Which industries benefit most from multi-agent architectures? Financial services, healthcare, manufacturing, and retail show the strongest adoption. These industries deal with complex data ecosystems where specialized agents can drive significant efficiency gains.
What's next for multi-agent systems? Computer-use capabilities and code execution are coming soon to advanced agent platforms. Dedicated simulation environments will allow testing with diverse user personas and realistic tools before production deployment.
Moving Forward with Multi-Agent Systems
Understanding multi-agent architectures and MCP now provides a competitive edge in AI implementation. These systems represent the practical evolution of AI from theoretical models to working solutions for complex business problems.
The technology continues to mature rapidly. Google's partnerships with over 50 industry leaders show broad commitment to open standards in multi-agent systems.
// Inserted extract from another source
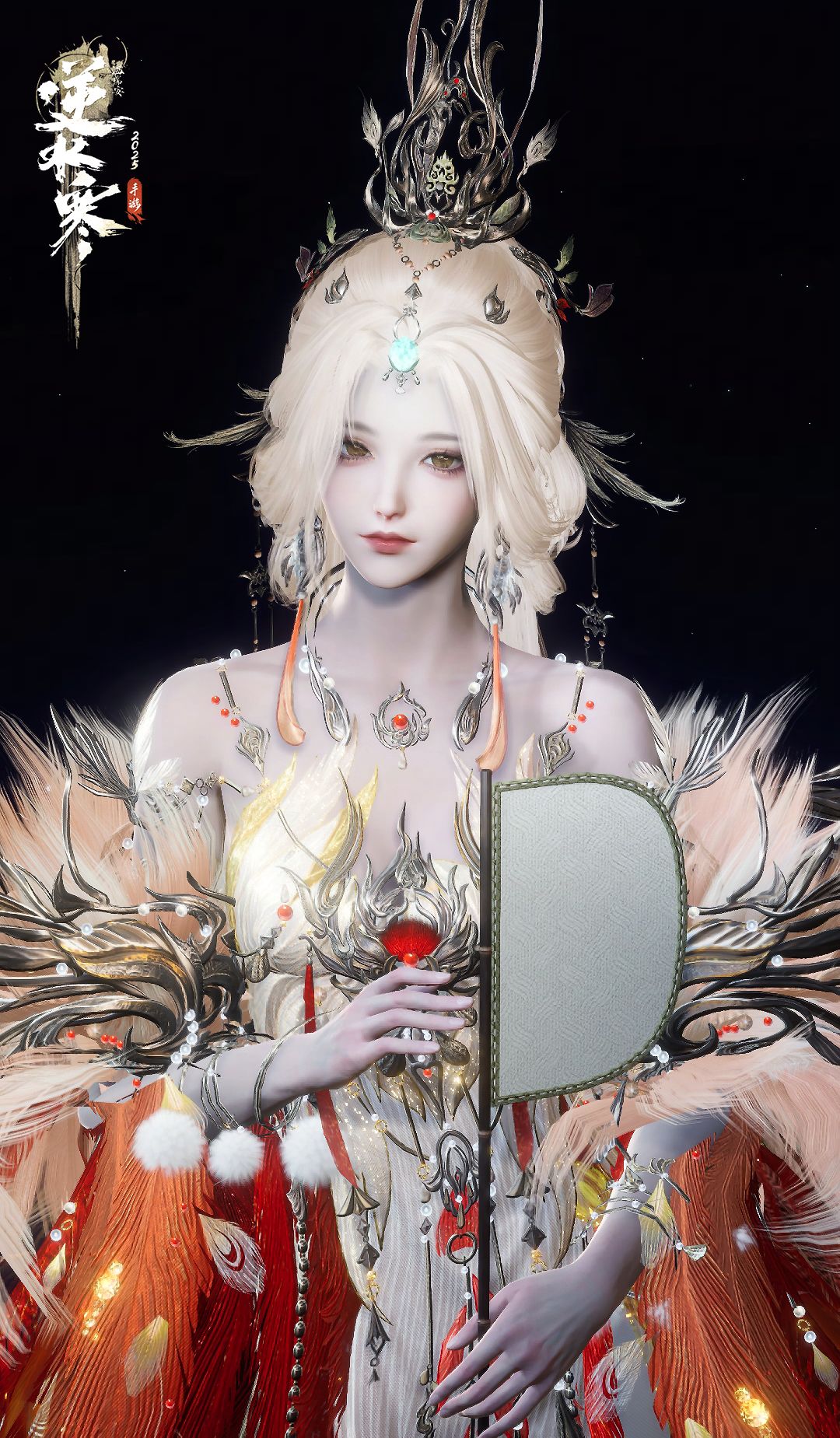 神鸟的羽毛似是历经了炽热火焰的淬炼,拥有别具一格的光泽与独特的质感。红白相间的长袍,再披上这象征身份的羽毛,中华太阳神的神秘威严之姿便跃然眼前。透过这身装扮,仿佛能看到太阳神掌控光明、驱散黑暗,让世间重归光明的强大力量。

This collaboration promises more interoperable and powerful agent ecosystems in the near future.
What multi-agent use cases could transform your business? The framework exists today to start building systems that were impossible just months ago.
Have questions about implementing multi-agent systems in your organization? Reply to this newsletter to continue the conversation.
Tool Spotlight
How to Build a Simple Email Lead Qualification Agent in Relevance AI
Want to automatically qualify leads from email inquiries? Here's how to build an AI agent that does the heavy lifting for you:
Step 1: Create a New Agent
Sign up or log in to Relevance AI
Click New Agent and type what you want your agent to do.
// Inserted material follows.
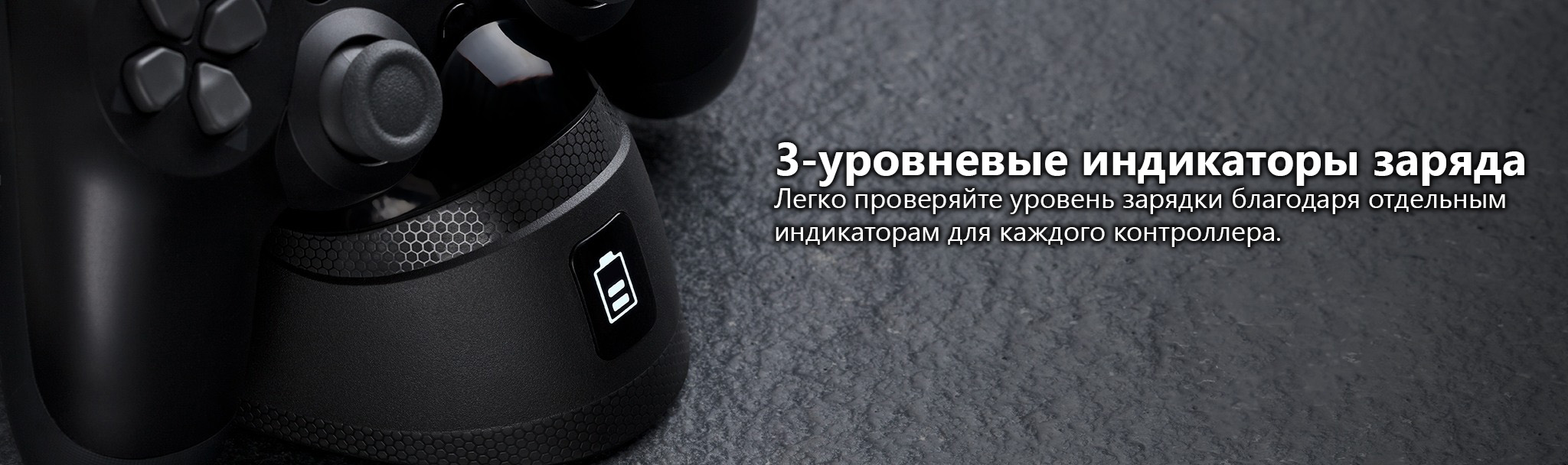 У вас всегда будет второй контроллер, готовый к продолжительным геймерским сессиям или многопользовательским играм. Подключите контроллеры PS4 к порту EXT и полностью зарядите их всего за два часа. ChargePlay Duo воплощает в себе исключительное удобство использования благодаря простой и надежной защелкивающейся конструкции зарядной станции и 3-уровневым индикаторам заряда аккумулятора. HyperX ChargePlay Duo поставляется с двухлетней гарантией и бесплатной технической поддержкой.

The AI is writing the instructions for your agent and recommends tools.
Example instructions:

Step 2: Connect Required Tools
Connect these essential tools to your agent:
Gmail integration (for sending emails)
LinkedIn data extraction tool
Website scraping capability
Google Search connector
Email domain checker
Step 3: Configure the Workflow
Set up your workflow with these decision points:
Email domain check → branching logic
If work domain → data enrichment sequence
If free domain → terminate with unqualified tag
Step 4: Test Your Agent
Send a test lead through your system using both scenarios:
A personal email (should be marked unqualified)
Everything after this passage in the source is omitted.